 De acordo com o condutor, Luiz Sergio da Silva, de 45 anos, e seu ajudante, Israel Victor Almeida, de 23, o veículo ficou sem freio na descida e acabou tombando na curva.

☆ ☆ ☆ ☆

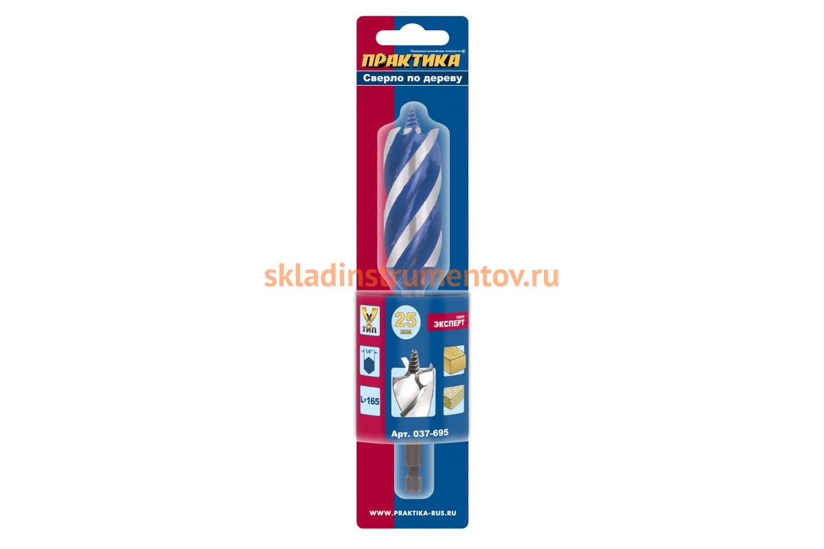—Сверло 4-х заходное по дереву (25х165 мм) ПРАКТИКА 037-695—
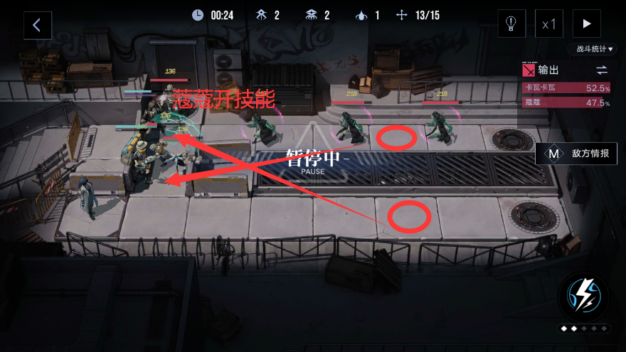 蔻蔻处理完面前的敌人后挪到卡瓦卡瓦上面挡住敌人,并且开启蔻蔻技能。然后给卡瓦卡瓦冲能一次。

☆ ☆ ☆ ☆

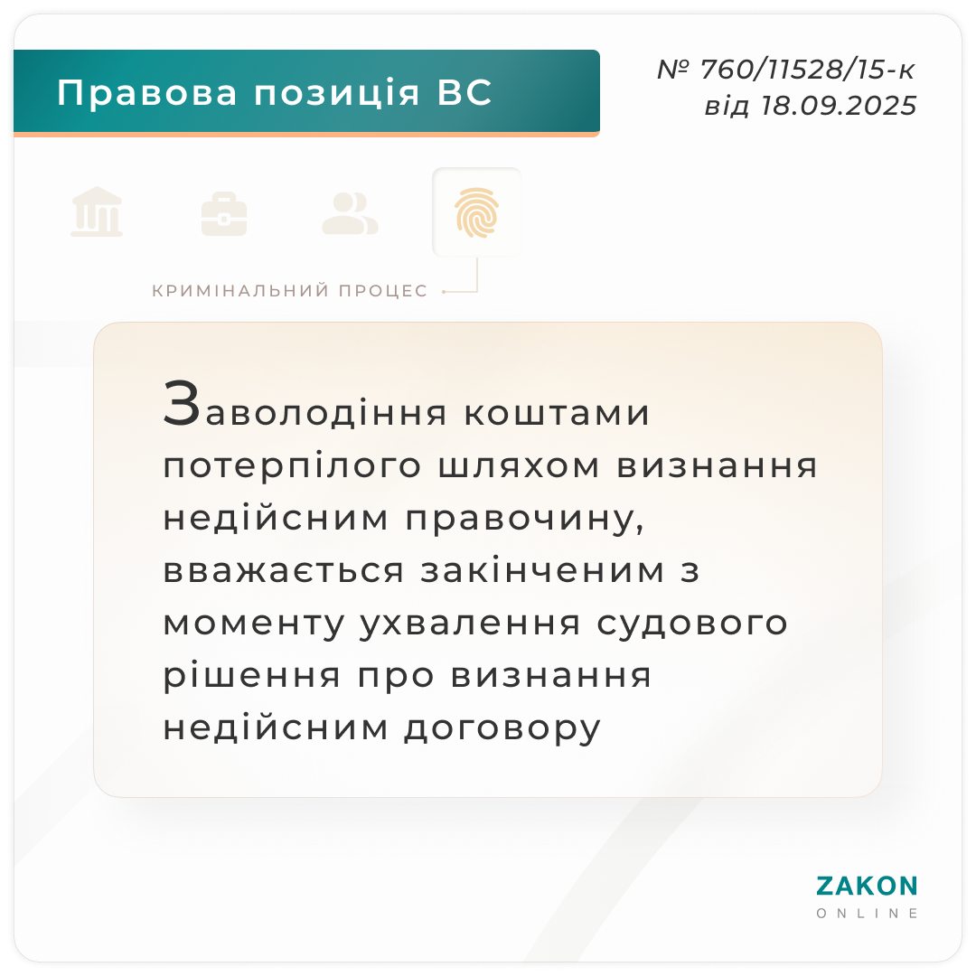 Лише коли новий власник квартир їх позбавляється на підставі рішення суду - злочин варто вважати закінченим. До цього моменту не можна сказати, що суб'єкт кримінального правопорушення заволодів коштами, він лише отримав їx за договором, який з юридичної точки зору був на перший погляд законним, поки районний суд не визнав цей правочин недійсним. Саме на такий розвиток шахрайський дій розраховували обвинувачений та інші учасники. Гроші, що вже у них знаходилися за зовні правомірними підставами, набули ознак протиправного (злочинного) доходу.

☆ ☆ ☆ ☆

Look through the material above. Transcribe exactly the lines between the ones with "мм) ПРАКТИКА 037-695—" and "蔻蔻处理完面前的敌人后挪到卡", inclusive, and keep pictures out.

—Сверло 4-х заходное по дереву (25х165 мм) ПРАКТИКА 037-695—
 蔻蔻处理完面前的敌人后挪到卡瓦卡瓦上面挡住敌人,并且开启蔻蔻技能。然后给卡瓦卡瓦冲能一次。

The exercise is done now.